To the Editor: In their article, published in the October 2008 issue of the Journal, Margaret Keyes, Ph.D., et al. (1) concluded that both genetic and environmental influences increase the risk of cigarette use in the adolescent children, biological and adoptive, of parents who smoke. The authors also found an association between parents who smoke and an increased likelihood for their biological offspring (more than adopted children) to engage in disinhibited behavior (generally defined by the authors as unacceptable social behavior). I applaud Dr. Keyes et al. for these thought-provoking findings.

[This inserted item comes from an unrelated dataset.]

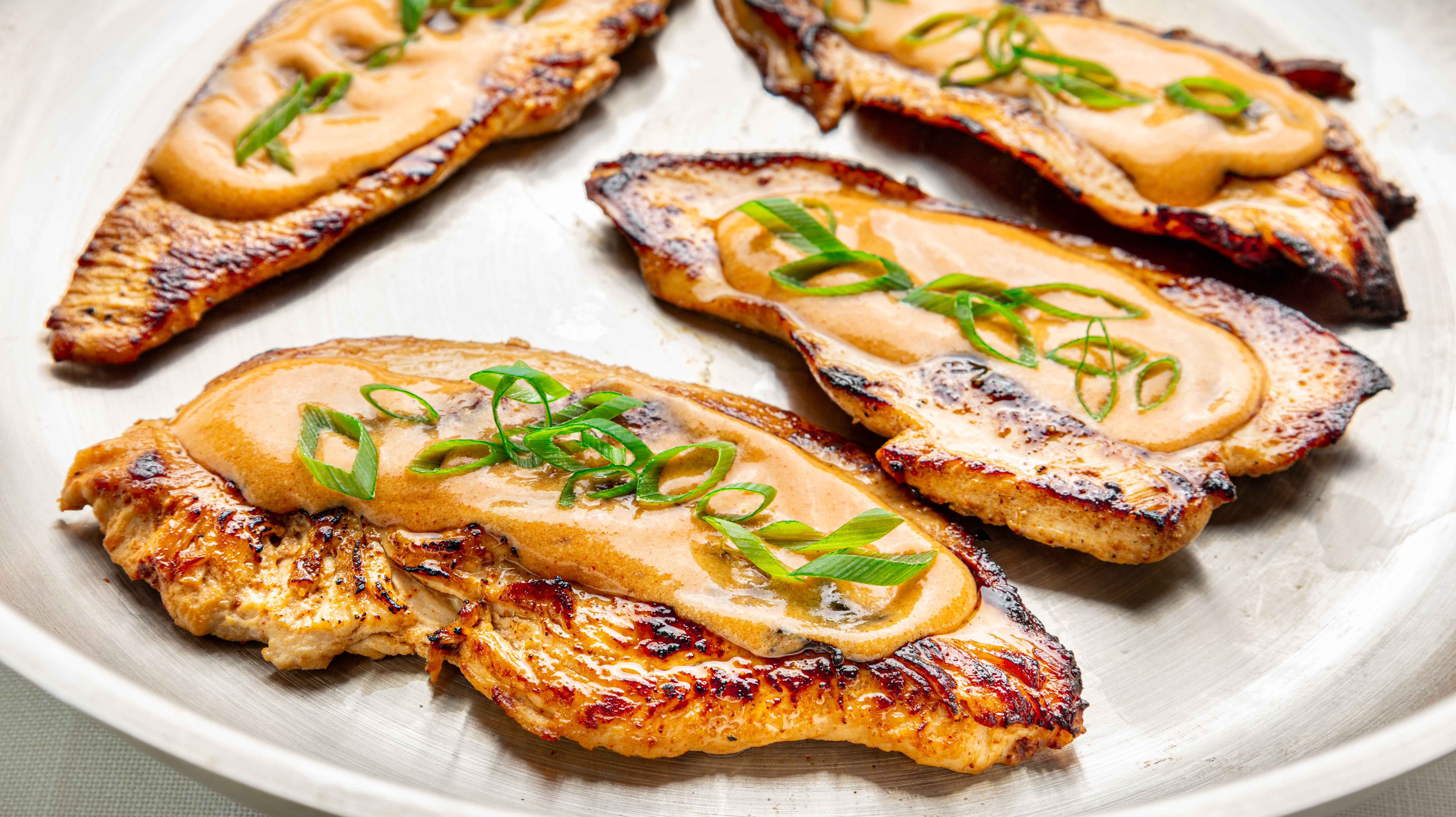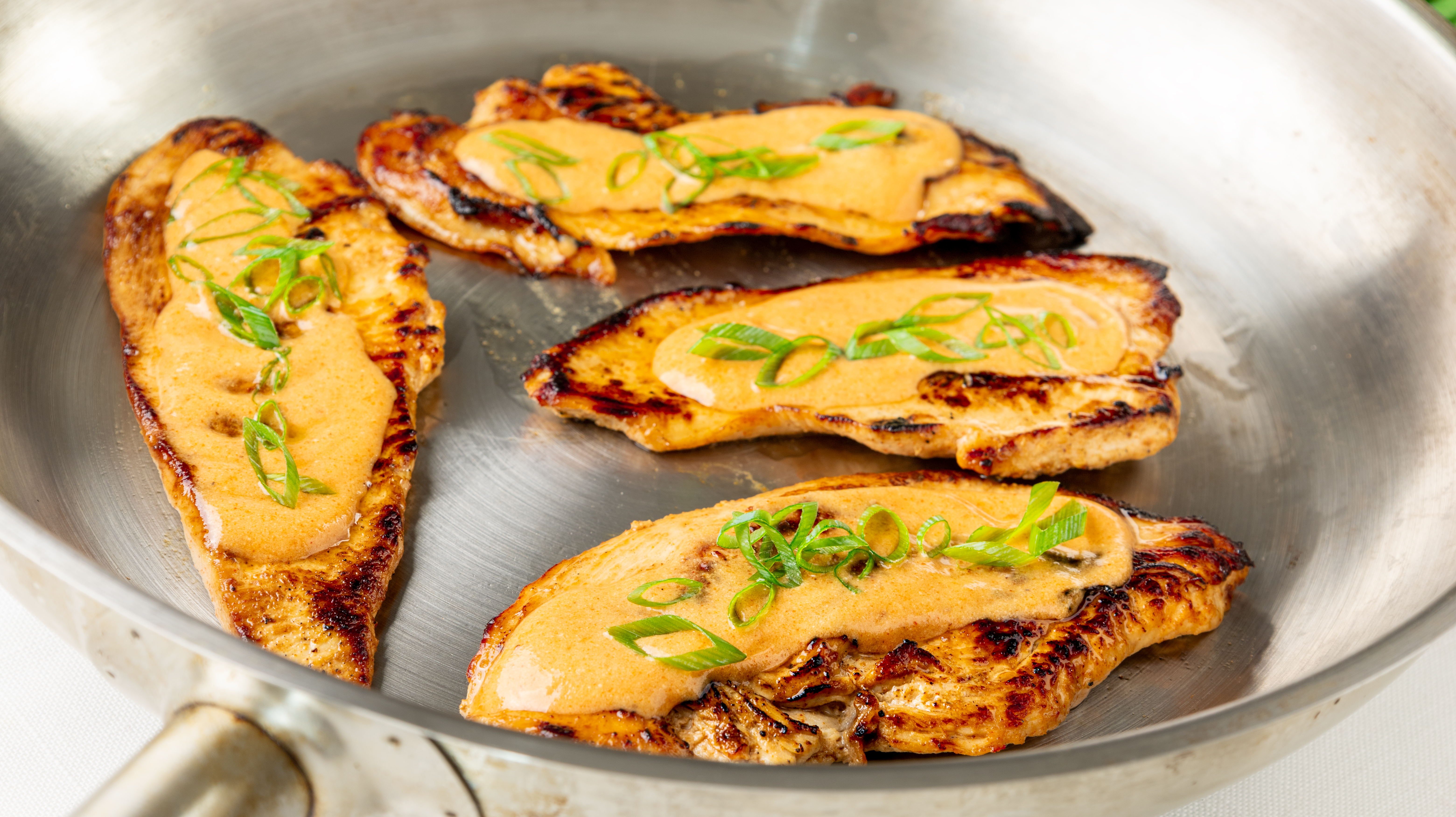 Step 10 -Serve the chicken topped with the warmed sauce and the scallions.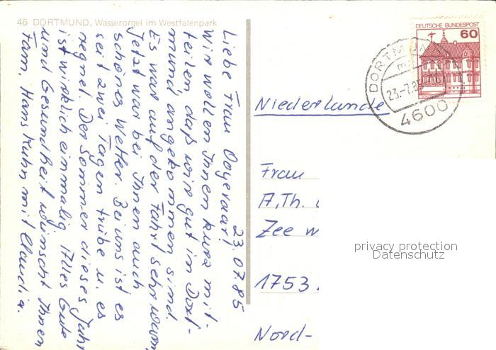 72310420 alte Postkarte DORTMUND CITY Wasserorgel im Westfalenpark postalisch gelaufen Erhaltung siehe scans KatCode: 11110005913000

However, I was surprised to see little to no emphasis on home environment/family dynamics and additional psychiatric diagnoses, which is information that could have been obtained via self-report, as seen with other methods of obtaining data in the study. Examples of the former that could have been explored as possible confounding variables are the presence of neglect or abuse in the adolescents’ homes or lack of parental supervision that may have contributed to disinhibited behavior (2). Examples of disinhibited behavior that could have been examined are the identification of bipolar or personality disorders. A sound effort to eliminate confounding variables was achieved by separating such disinhibited behavior from those seen in subjects with diagnoses of attention deficit hyperactivity disorder, conduct disorder, or oppositional defiant disorder and by identifying other types of substance use/misuse. It appears that a similar query of negative home influences and/or additional psychiatric diagnoses could have also been considered. Of note, socioeconomic background was taken into consideration, yet we cannot assume that a higher socioeconomic status is protective of adverse home conditions.
The author reports no competing interests.
This letter (doi: 10.1176/appi.ajp.2008.08111721) was accepted for publication in December 2008.